Сделав последнюю затяжку, он аккуратно положил трубку в пепельницу и поднялся. Тяжелым шагом Г. М. приблизился к кушетке. Выражение его глаз ничего хорошего не предвещало.
– Они все связаны, сынок… в некотором роде, – ответил он.
– В каком роде? И почему?
Г. М. подошел еще ближе. Его лицо выражало высшую степень удовлетворения. Прежде чем кто-либо успел хоть шелохнуться, Мерривейл выкинул вперед руку, схватил Джо Коллинза, также известного как Курт фон Гагерн, за галстук, закрутил его себе на запястье и рывком приподнял поджарую фигуру с кушетки.
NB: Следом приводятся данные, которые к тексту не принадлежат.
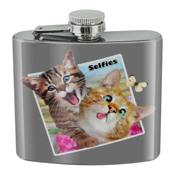 current price $12.99Kittens Selfie Picture Stainless Steel 5oz Hip Drink Kidney Flask

– Потому что вы, Джо, и есть тот затейник, кто за все это в ответе. Это вы выплеснули кислоту, выстрелили из револьвера и чуть было не убили посредством отравленной сигареты женщину, на которой женились в Голливуде два года назад. – И потом Мерривейл проревел громовым голосом: – Позвольте сказать вам еще кое-что. Если вы разделяете общепринятое мнение, будто старик уже впал в маразм и готов к палате лордов, если вы полагаете, будто я не догадывался, что весь этот дьявольский маскарад был направлен в первую очередь против Тилли Парсонс, то вам лучше окунуть голову в ледяную воду, прежде чем снова являться ко мне с песнями о том, как вы хотите вернуться в разведку. Возможно, нам не удастся доказать, что вы совершили покушение на убийство, но вы отправитесь в тюрьму за двоеженство, едва только Тилли Парсонс увидит вашу смазливую физиономию, – а именно этого вы все время и хотели избежать, не так ли?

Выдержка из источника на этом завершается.